In Minneapolis, African Refugees See American Dream In Tatters
African refugees living in Minneapolis were already struggling with their "American dream" when George Floyd died in police custody.
Now their dream is in tatters and they have joined their African American "brothers" in the streets to protest racism in their adopted homeland.
"I came here for freedom. My country was at war," said Tiha Jibi, who arrived from South Sudan at age 15.
"I end up having two boys, 10 and six, who are afraid because we are not white," she said, full of rage.
Leaving her family and her country was hard, as was the journey to get to the United States, but she was determined to pursue her own American dream of peace, equality and democracy.
Now, she realizes, "it's all a lie. Now we have to face that reality."
That's why she has been marching to protest the death at the hands of a white police officer of George Floyd, a 46-year-old African American man whose killing has sparked nationwide protests and clashes with police.
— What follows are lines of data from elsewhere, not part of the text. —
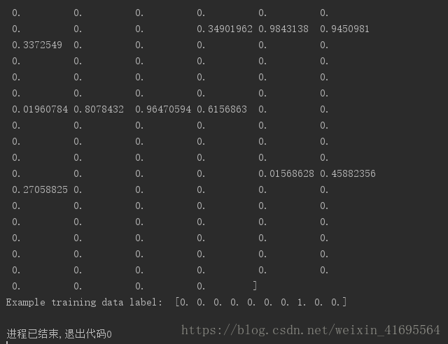 从上面的代码中可以看出,通过input_data.read_data_sets函数生成的类会自动将 MNIST数据集划分为train、validation和test三个数据集,其中train这个集合内有55000 张图片,validation集合内有5000张图片,这两个集合组成了 MNIST本身提供的训练数据集。test集合内有10000张图片,这些图片都来自于MNIST提供的测试数据集。处理后的 每一张图片是一个长度为784的一维数组,这个数组中的元素对应了图片像素矩阵中的每一个数字(28x28=784)。因为神经网络的输入是一个特征向量,所以在此把一张二维图像 的像素矩阵放到一个一维数组中可以方便TensorFlow将图片的像素矩阵提供给神经网络的输入层。像素矩阵中元素的取值范围为[0, 1],它代表了颜色的深浅。其中0表示白色背景 (background ) , 1表示黑色前景(foreground )。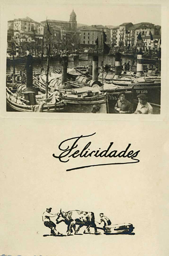 Tarjeta postal del puerto de Bermeo, utilizada como felicitación. Donada por Asensio Uria Ibarrondo y conservada en el Museo del Nacionalismo Vasco.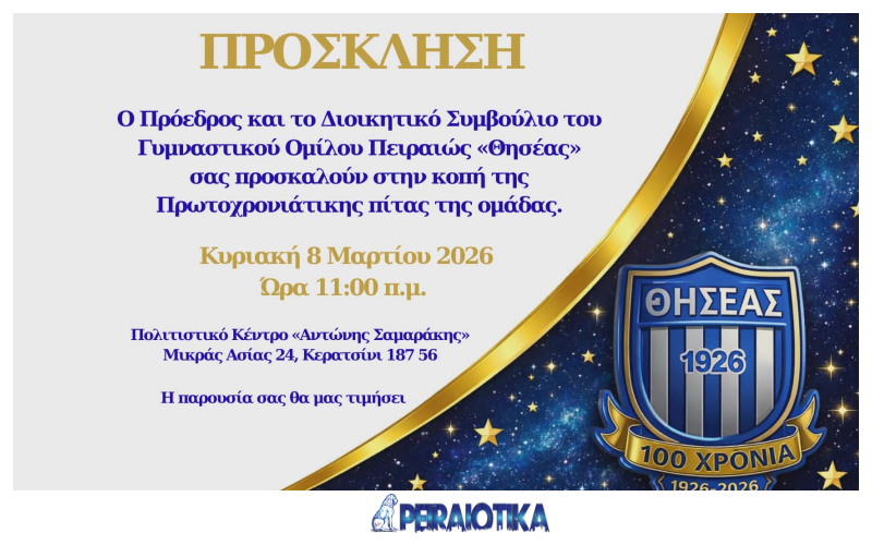 Την Κυριακή 8 Μαρτίου 2026 και ώρα 11:00 π.μ., στο Πολιτιστικό Κέντρο «Αντώνης Σαμαράκης» στο Κερατσίνι, η οικογένεια του Θησέα θα συναντηθεί για να γιορτάσει τη νέα χρονιά, αλλά και ένα σπουδαίο ορόσημο: τα 100 χρόνια ιστορίας (1926–2026) του συλλόγου.

"I came here as a refugee but not as a white refugee," she said. "My permanent home is the US and my permanent color is black. I have to protest."
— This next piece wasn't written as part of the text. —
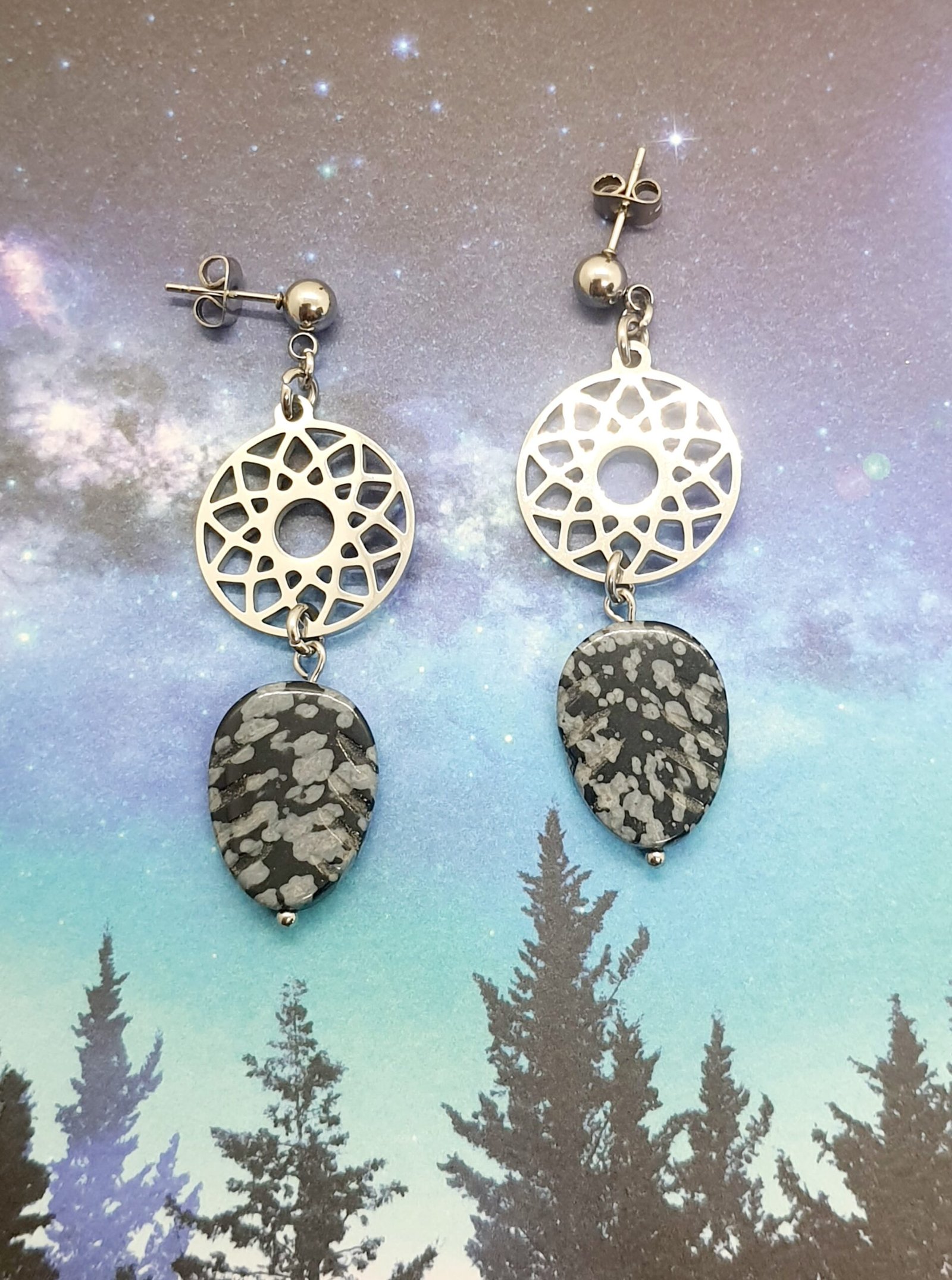 Boucles d’oreilles obsidienne mouchetée feuilles

The state of Minnesota, where Minneapolis is located, has the highest percentage of refugees per inhabitant in the whole country, with two percent of the US population but 13 percent of its refugees, according to the most recent census.
Among them are a large number of people from the Horn of Africa -- Ethiopians and Somalis -- whose presence in the marches was noticeable because of the colorful robes worn by the women.
Deka Jama, a 24-year-old woman who came to the United States from Somalia in 2007, showed up with friends, all of them veiled, to protest the discrimination that met them in their new homeland.
"We thought that everyone would be equal, that we would not be judged by religion, by color, by our dresses. That's not how we were welcomed," she told AFP.
She feels a close affinity to African Americans, many of them descended from slaves and who have been Americans for generations.
There is "something connects us," she said. "We are all dehumanized, regardless of our cultural differences. We have to be here for them."
Minnesota's Somali community has a source of pride, though, in Ilhan Omar, a 37-year-old born in Mogadishu who was elected to Congress in 2018.
But she too has been the target of racial abuse, death threats and slander. Last summer, President Donald Trump said that she and three other women of color in Congress should "go back" to their countries of origin.
For the past week, Omar has often been asked to comment on the situation. She has not held back from telling people that, beyond acts of police violence, Americans have to address the core issue of inequality in the country.
"So many people know a social and economic neglect," Omar said on Sunday.
According to Minnesota Compass, a website that tracks the state's demographics, families from Africa are particularly hard hit.
In 2016, 12 percent of the population of Minnesota was living under the poverty line, but that number rose to 31 percent among the Ethiopian community and 55 percent among Somalis.
That has meant that for many refugees, an important facet of the American dream -- social mobility -- has broken down over time.
And the riots that have followed some protests have not helped their plight, since some of the looted businesses were immigrant-owned.
"I am very disappointed, very disappointed," Ahmed, a 42-year-old who arrived from Ethiopia a decade ago, said as he took in the blackened ruins of a burned building.
For him and many others, the major concern is for their children.
One Ethiopian woman, who asked not to be named, said she has four sons and worries that, when they grow up, they too could be subjected to the type of police brutality that took the life of George Floyd.
"This could happen to our children," she said, encouraging protesters marching below on a highway.
You have to support this movement, she said, "to stop racism, for the future."